One month weight loss

It is one month since I began the intermittent fasting regime.

My weight this morning is 81 kg, which is a loss of 5 kg over the month.

I'm feeling better for it, even if this is much faster than I expected.

Running is becoming easier and 10 km is now my standard distance, with a time of one hour - not fast, but my focus has been on finishing and not hurting myself, rather than speed.
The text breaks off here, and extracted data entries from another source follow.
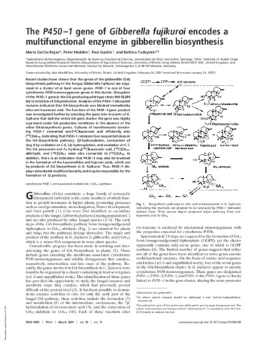 The P450-1 gene of Gibberella fujikuroi encodes a multifunctional enzyme in gibberellin biosynthesis.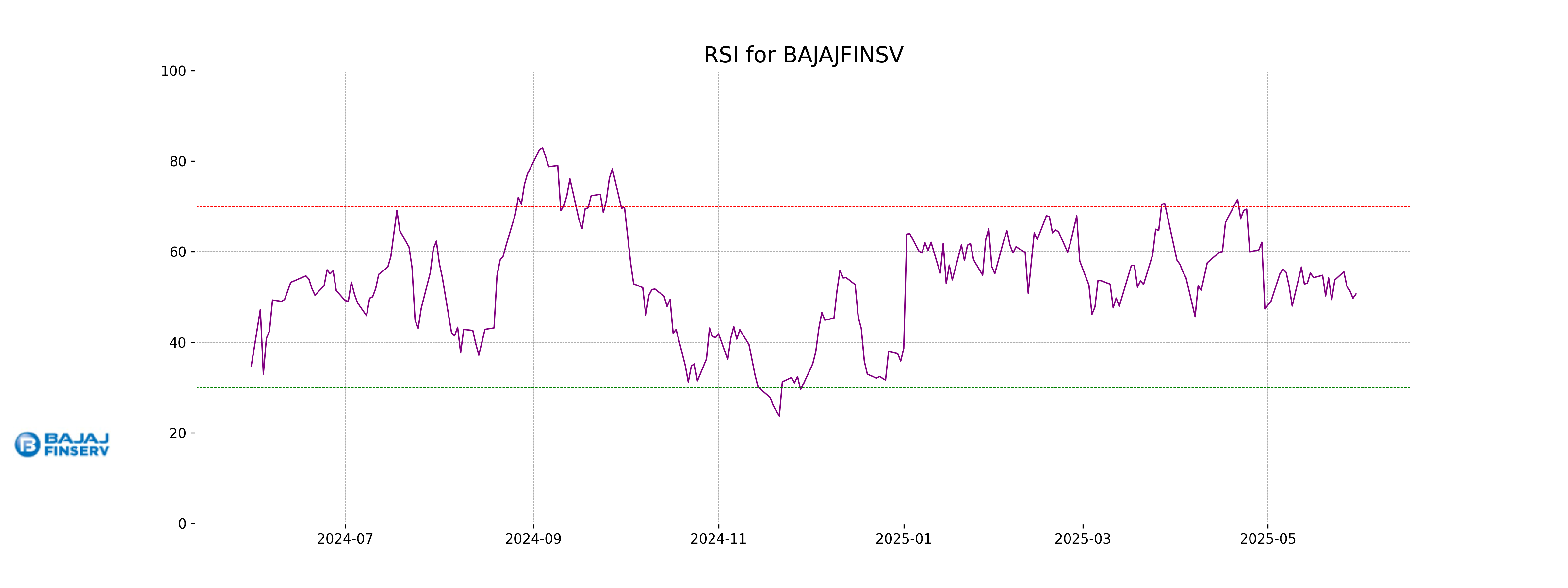 The RSI (Relative Strength Index) for Bajaj Finserv is 50.67, which suggests neutral momentum in the stock, indicating it is neither overbought nor oversold at the current price level. This level can suggest potential consolidation or a lack of strong directional movement.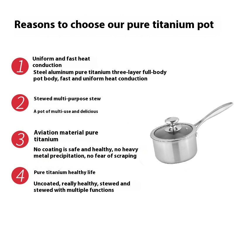 • Pot Body Material: Titanium + Aluminum + Stainless Steel
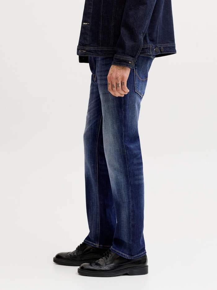 - Coupe : Jeans de coupe régulière avec une taille régulière, une cuisse régulière, un genou régulier, une ouverture de jambe régulière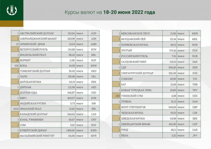 Национальный банк Казахстана опубликовал официальный курс доллара к тенге на 18-20 июня, передает корреспондент Tengrinews.kz.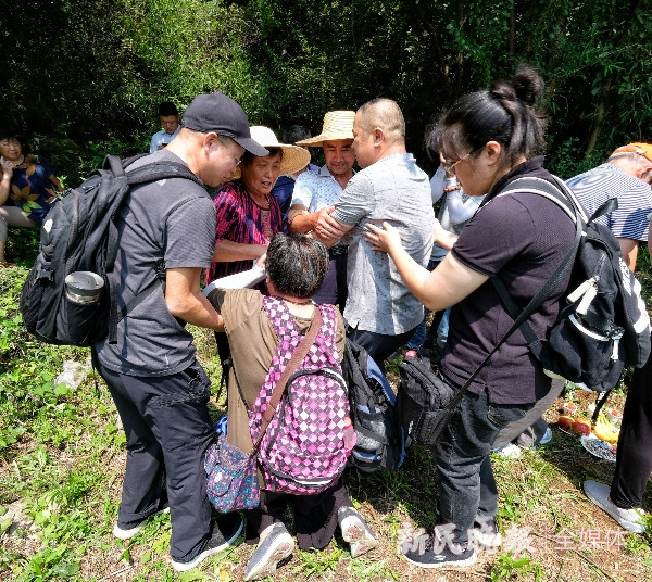 上午10时40分许,艳阳高照,烈士亲人们顶着高温烈日,来到了何湾镇南山脚下,迈步山间土路,宋家屋后有个小山坡,山间小路向上蜿蜒,就到了宋家的坟山,烈士的墓碑端立在老坟中间。拾级而上,一眼看到张洁亚烈士的墓地、墓碑,陈惠珍急步向前,一瞬间泪流满面:“姐姐啊,我们终于找到你了,我们来看你了……“边说边抚摸墓碑,还拿出一张张洁亚烈士的照片,小心地放在墓碑上。张洁亚的侄子陈锡荣拿出一块沾水的抹布,一遍又一遍地擦拭着墓碑。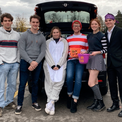 St. Lawrence’s Circle K, a student organization dedicated to community service in North Country communities, took part in the University’s Trunk or Treat event last month, and a photo of Hallie Heggeness ’22, Tyler Kearns ’22, Alexandra Hill ’23, and Trent Meyer ’23 passing out candy to local residents was featured by NorthCountryNow.com on Tuesday, Nov. 9.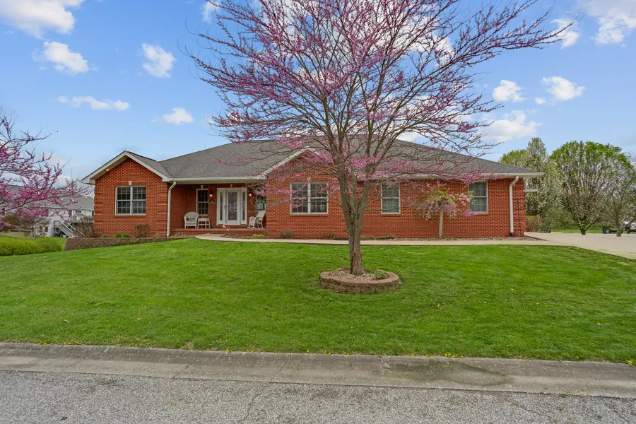 Picture yourself relaxing with lake views at this lovely Freeburg home! Complete with a full brick exterior, lake access with dock, sprawling lush lawn, 3 car garage, patio, and large covered back deck, this home is certainly impressive! Walk into the entry and find yourself greeted by vaulted ceiling, an open spindle staircase leading to the lower level, ample windows, and glass pane doors leading to the deck. Adjacent is the formal dining room, and beyond, the eat-in kitchen, featuring bay windows, breakfast bar, quartz counters, pantry, and crown molding adorning the 42 in cabinetry. Continue through the main level to find the sprawling master suite with hardwood flooring, two additional bedrooms (also with hardwood), an additional bath, and a convenient main floor laundry, complete with cabinetry, mop sink, and counter. In the lower level, find plenty of windows, walk-out access to t...
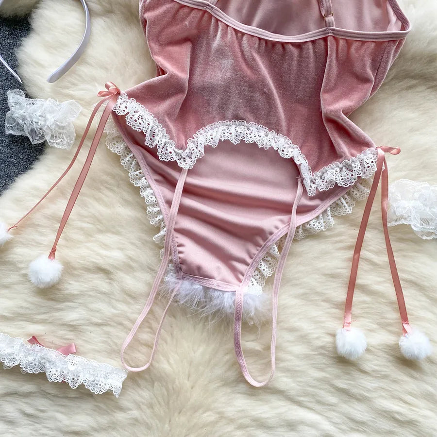 Women's Christmas Sexy Color Block Sexy Lingerie Sets Party Jumpsuit Mid Waist Briefs Sexy Lingerie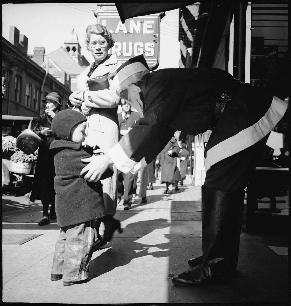 Κατά τη διάρκεια της Μεγάλης Ύφεσης, οι Ηνωμένες Πολιτείες και ο κόσμος αντιμετώπισαν τεράστιες οικονομικές δυσκολίες. Παρά την απελπισία, πολλοί προσπάθησαν να διατηρήσουν το πνεύμα των Χριστουγέννων ζωντανό. Αυτή η εικόνα του Άγιου Βασίλη να στέκεται στην Wall Street, πιθανώς προσπαθώντας να φέρει λίγη χαρά στους περαστικούς ή να συλλέξει χρήματα για φιλανθρωπικούς σκοπούς, είναι ένα ισχυρό σύμβολο ανθεκτικότητας και ελπίδας σε δύσκολες εποχές.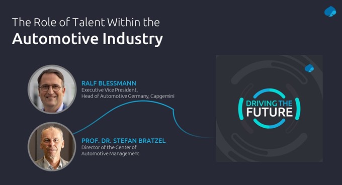 Im Podcast „Driving The Future“ sprechen Ralf Blessmann, Leiter des Automobilsektors bei Capgemini in Deutschland und Professor Dr. Stefan Bratzel, Direktor des Center of Automotive Management (CAM), darüber, wie Automobilhersteller (OEMs) ihren Weg in eine Zukunft finden können, die Technologie, Nachhaltigkeit und Mobilität vereint, und welche entscheidende Rolle talentierte Nachwuchskräfte dabei spielen.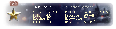 | Headshots | 97 | Suicides | 19 | Headshot / Kill | 22.56 % |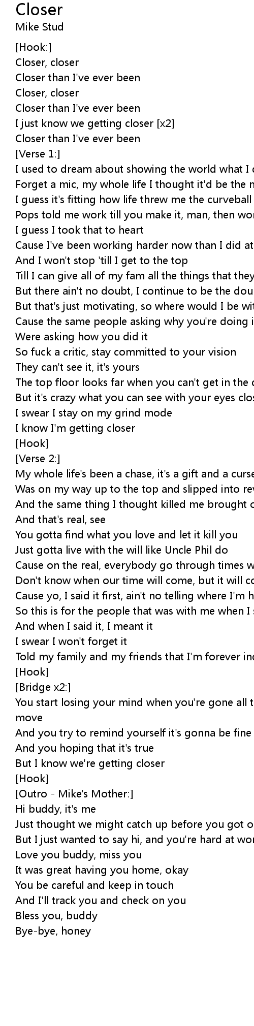 I just know we getting closer [x2] |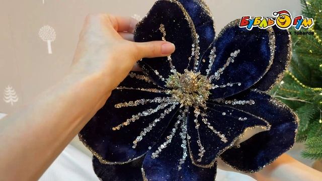 333042 Цветок декоративный Магнолия с велюровым покрытием и золотистыми пайетками темно-синий 50см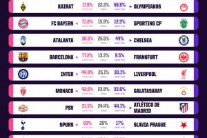 01:45 拜仁(71.8%)vs葡萄牙體育(12.3%)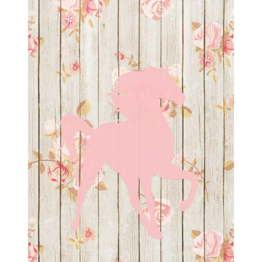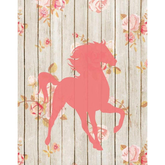 Pink Horse Floral Wood Black Modern Wood Framed Art Print by Moss, Tara

The calories burned by running three or four times a week has also been having an impact on my calorie deficit, of course.

Low calorie days have been easy to fit into my routine so far, and no great hardship. Half my usual breakfast leaves me feeling hungry by 6 pm, which a light snack is enough to take off. Fruit teas, an afternoon coffee (to stop me getting a caffeine withdrawal headache) and possibly an apple, keeps me within the 600 calories limit.
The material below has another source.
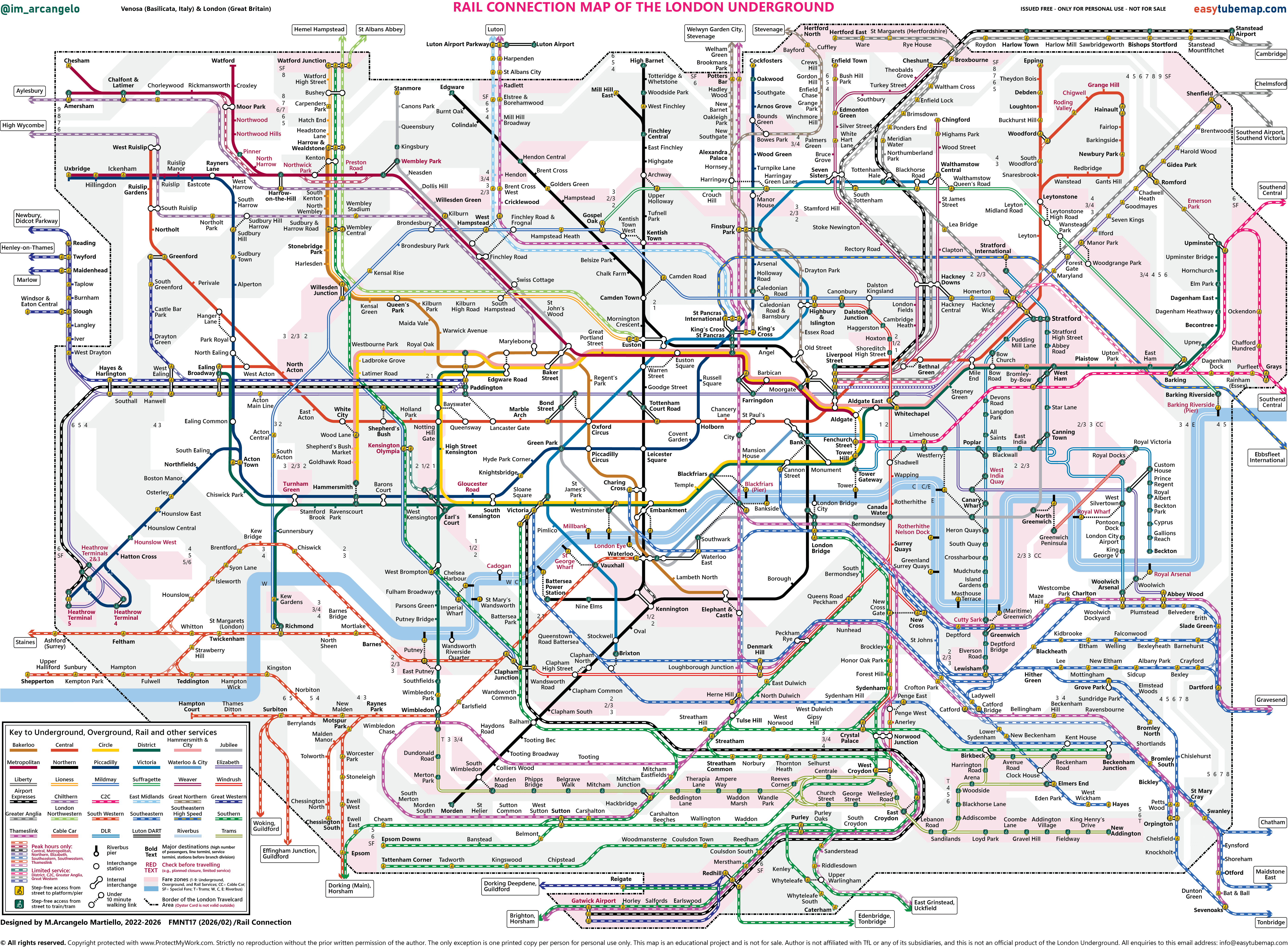 Welcome to this new Rail and Tube Map - designed to complement the Easy To Read Tube-only Map. The diagram of lines has been built along major rail and tube routes to provide a clear overview of London's transport network. Bold text highlights the most frequently searched destinations, while red text indicates information to check before travelling. Stations across different fare zones and those with special fares are clearly shown using pink background areas. It is designed for both neurodivergent and neurotypical users.

On non-fasting days I eat well, lots of fresh fruit and vegetables and a bit more meat, fish and cheese than normal as I think I need to keep protein intake up.

For the next week we are staying with my parents before leaving to visit my wife's country and I've been eating particularly well since I've been here. How much that will impact on the downward trend remains to be seen.
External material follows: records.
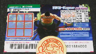 2026年2月17日明日2/18、[ワンピーススクラッチ ゾロ9(1枚200円)]の 販売が始まります。 今回のルールは、券面左側の赤枠の中を削り、同じ絵柄が 縦・横・斜めのいずれか一列に3個並べば当たり!の “タテ・ヨコ・ナナメ”。 ゾロの刀が3セット並べば、2等5万円! 麦わらの一味のマークが3個並べば、1等500万円!! 当選本数は12本です。 今週の[スクラッチ]は[ゾロ9]一本! 10枚セットを買えば末等200円が3本当たるワクワク設定です。 明日からの[ゾロ9]にどうぞご期待ください。 (T店長) <本日抽選日> [ナンバーズ3&4]第6921回 [ミニロト]第1374回 ≪[バレンタインジャンボ]は夜10時まで販売!≫
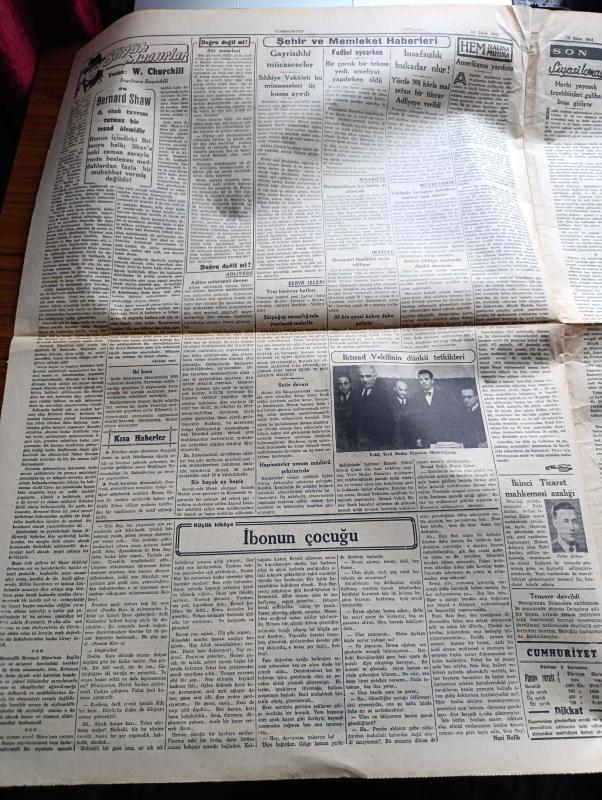 Cumhuriyet Gazetesi - 18 Şubat 1941 - Yeni Türk Bulgar Anlaşması İmzalandı - İki Hükümet Taarruzdan İçtinab Kararında Mutabık Kaldılar - Nihai Safhaya Giren Libya Harekatından En Yeni Resimler - Hariciye Vekilimiz Şükrü Saracoğlu - Gondar'a Taarruz Başladı - İngiltere Mağlup Edilemez - Singapur Ve Malaya Harp Vaziyetinde - Büyük Muasırlar Yazan Winston Churchill Yazı Dizisi - Küçük Hikaye İbo'nun Çocuğu Yazan Nuri Refik - Yeni Tramvay Hatları - Surpagop Mezarlığında Yapılacak Mahalle - Türk Kültürleri Ve Türkiye Kültürü Yazan İsmail Hami Danişmend - Kızıl Vazo Yazan Peride Celal Yazı Dizisi - Sessiz Tayyare Yazan Burhan Felek Köşe Yazısı - Libya Muzafferiyetinden Resimler - Senenin En Büyük Aşk Ve Macera Şaheseri Yeşil Cehennem Sümer Sinemasında - Bakir Adam Bu Perşembe Lale Sinemasında - Siera Radyosu - İsviçre'nin Presizyon Saati Marvin - Galata Perşembe Pazarı - Singer Yeni Spor Saatleri Geldi adlı eser, Kitap > Süreli Yayınlar > Gazeteler > Türkiye > Genel > Günlük kategorisinde İkinci El olarak satıştadır.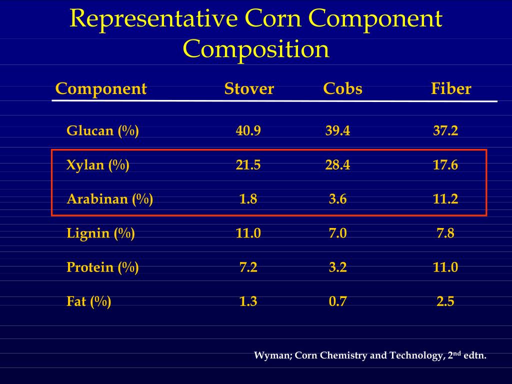Representative Corn Component Composition Component Stover Cobs Fiber Glucan (%) Xylan (%) Arabinan (%) Lignin (%) Protein (%) Fat (%) 40.9 21.5 1.8 11.0 7.2 1.3 39.4 28.4 3.6 7.0 3.2 0.7 37.2 17.6 11.2 7.8 11.0 2.5 Wyman; Corn Chemistry and Technology, 2nd edtn.

This puts my BMI onto 23.4, at the upper end of the green on this calculator from the UK's NHS:
http://www.nhs.uk/tools/pages/healthyweightcalculator.aspx

I want to lose a further 5 kg and then stabilise. How that will work out remains to be seen.

Saturday 29 September 2012

Reminiscing

We closed the door on the flat we have rented for the past 9 months on 27 September 2012 for the last time.

It was a poignant moment. After a busy and somewhat stressful time of packing, we paused for a minute or two in the living room before leaving.

On the drive to my folks, where we stay for 10 days before heading to my wife's country, we reminisced about our time there.

Instead of casting around for disjointed memories, I was able to go through the sequence, sometimes by the day, other times by the weekend, when life had been a little more mundane.

The visitors. The milestones. Days of extreme weather.

On our last morning I had taken my last 10 km run, a distance that has now become my standard. Over the course of the hour I went over every day, pulling the images from my mental calendar. Sometimes there was a particular resonance - it was on 15 July that I pulled a muscle in my calf on this same track and had to hobble home, for example.

Much has happened.

There is something deeply satisfying about being able to remember every day of it.

Wednesday 26 September 2012

The boy who can't forget

This documentary on youtube was broadcast on Channel 4 in the UK. It investigates several people with hyperthymesia, including British student, Aurelien, and American, Jill Price.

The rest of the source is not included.